We can solve this problem using the Principle of Inclusion-Exclusion (PIE).

First, let's find the total number of ways the children can choose their ice cream flavors. Each child has 3 options, so there are 3^6 = 729 possible outcomes.

Next, let's find the number of ways no flavor is selected by exactly two children. To do this, we can use the complement rule and subtract from the total number of outcomes the number of ways all flavors are selected by at most one child.

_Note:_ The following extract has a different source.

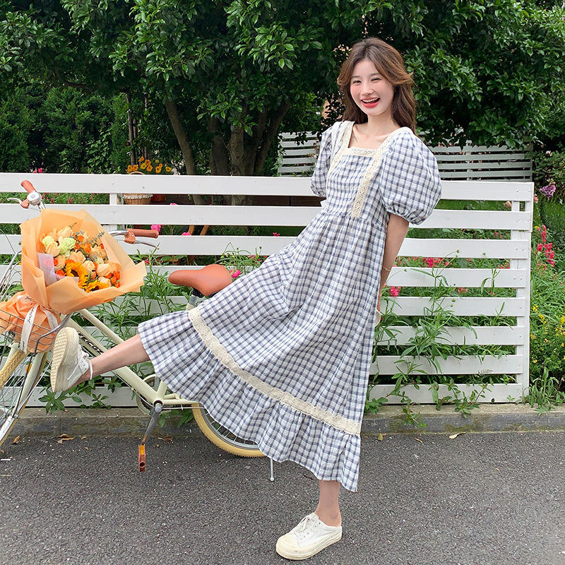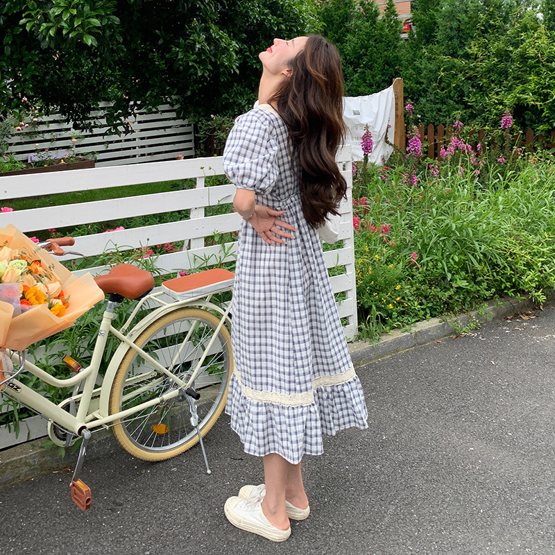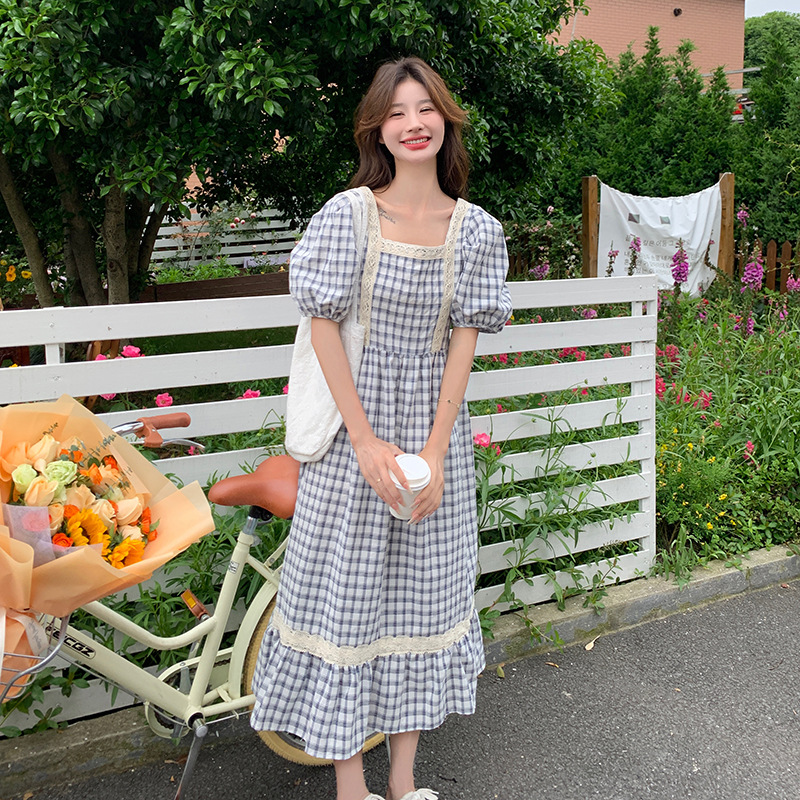 法式复古方格休闲裙蓝色格子连衣裙子女夏季新款小个子法式

There are C(6,0) ways to choose no child for the first flavor, C(5,0) ways to choose no child for the second flavor, and C(4,0) ways to choose no child for the third flavor. So the number of ways all flavors are selected by at most one child is:

C(6,0) * C(5,0) * C(4,0) = 1

Therefore, the number of ways no flavor is selected by exactly two children is:

3^6 - 1 = 728

However, this includes the cases where some flavor is selected by exactly three children or by all six children. We need to subtract these cases to avoid double-counting.

Let A be the set of outcomes where flavor 1 is selected by exactly three children, and let B and C be the sets of outcomes where flavors 2 and 3, respectively, are selected by exactly three children. We can use the formula for the size of the union of three sets to find the number of outcomes in which some flavor is selected by exactly three children:

|A ∪ B ∪ C| = |A| + |B| + |C| - |A ∩ B| - |A ∩ C| - |B ∩ C| + |A ∩ B ∩ C|

Each of |A|, |B|, and |C| can be found using the following reasoning: There are C(6,3) ways to choose 3 children to select the given flavor, and for each choice, there are 2 options for the remaining 3 children (they can choose either of the other 2 flavors). So:

|A| = C(6,3) * 2^3 = 160

|B| = C(6,3) * 2^3 = 160

|C| = C(6,3) * 2^3 = 160

To find |A ∩ B|, we need to choose 3 children to select flavor 1 and 3 children to select flavor 2, and then the remaining child can select either flavor 1 or flavor 2. So:

|A ∩ B| = C(6,3) * C(3,3) * 2 = 40

Similarly, |A ∩ C| = 40 and |B ∩ C| = 40.

To find |A ∩ B ∩ C|, we need to choose 3 children to select each of the 3 flavors. This can be done in C(6,3) ways:

|A ∩ B ∩ C| = C(6,3) = 20

Substituting these values into the formula for the size of the union of three sets, we get:

|A ∪ B ∪ C| = 160 + 160 + 160 - 40 - 40 - 40 + 20 = 360

Therefore, the number of ways some flavor is selected by exactly two children is:

728 - 360 = 368

So there are 368 ways the children can choose their ice cream flavors so that some flavor of ice cream is selected by exactly two children.